*** Opening of Records for processing ***

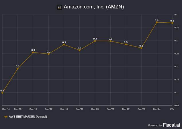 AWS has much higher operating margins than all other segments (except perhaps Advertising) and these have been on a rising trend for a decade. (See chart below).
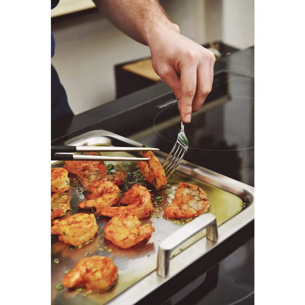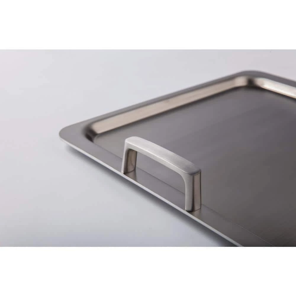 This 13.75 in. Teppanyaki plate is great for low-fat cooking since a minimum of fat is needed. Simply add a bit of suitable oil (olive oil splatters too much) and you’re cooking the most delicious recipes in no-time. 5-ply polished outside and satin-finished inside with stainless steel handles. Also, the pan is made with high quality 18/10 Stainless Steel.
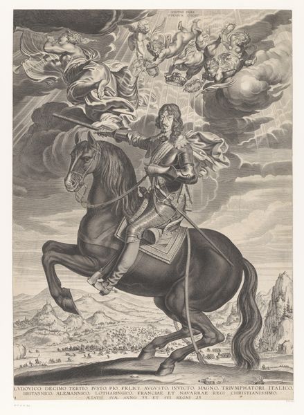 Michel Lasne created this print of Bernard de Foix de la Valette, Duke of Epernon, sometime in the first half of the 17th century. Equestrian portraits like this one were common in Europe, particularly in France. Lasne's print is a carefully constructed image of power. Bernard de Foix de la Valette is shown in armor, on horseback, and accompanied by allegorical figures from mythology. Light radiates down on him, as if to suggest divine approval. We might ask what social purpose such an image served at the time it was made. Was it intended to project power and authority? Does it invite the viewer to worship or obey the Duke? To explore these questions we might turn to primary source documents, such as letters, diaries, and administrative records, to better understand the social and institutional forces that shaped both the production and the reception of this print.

*** Close of Records for processing ***
*** Opening of Records for processing ***

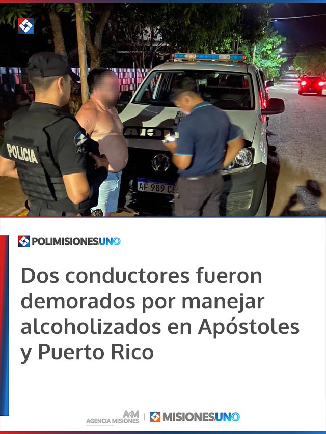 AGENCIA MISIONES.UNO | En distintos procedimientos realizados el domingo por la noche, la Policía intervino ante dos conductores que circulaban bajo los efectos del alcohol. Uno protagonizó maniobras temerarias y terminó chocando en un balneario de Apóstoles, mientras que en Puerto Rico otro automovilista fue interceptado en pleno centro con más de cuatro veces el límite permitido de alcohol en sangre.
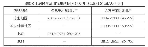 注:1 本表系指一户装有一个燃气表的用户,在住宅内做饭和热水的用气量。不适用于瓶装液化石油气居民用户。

*** Close of Records for processing ***

> [Directions for this task] With the pictures omitted, copy exactly the lines of the listing above starting at the line containing "AWS has much" and ending at the line containing "This 13.75 in.", both included.

> [Task output]
 AWS has much higher operating margins than all other segments (except perhaps Advertising) and these have been on a rising trend for a decade. (See chart below).
 This 13.75 in. Teppanyaki plate is great for low-fat cooking since a minimum of fat is needed. Simply add a bit of suitable oil (olive oil splatters too much) and you’re cooking the most delicious recipes in no-time. 5-ply polished outside and satin-finished inside with stainless steel handles. Also, the pan is made with high quality 18/10 Stainless Steel.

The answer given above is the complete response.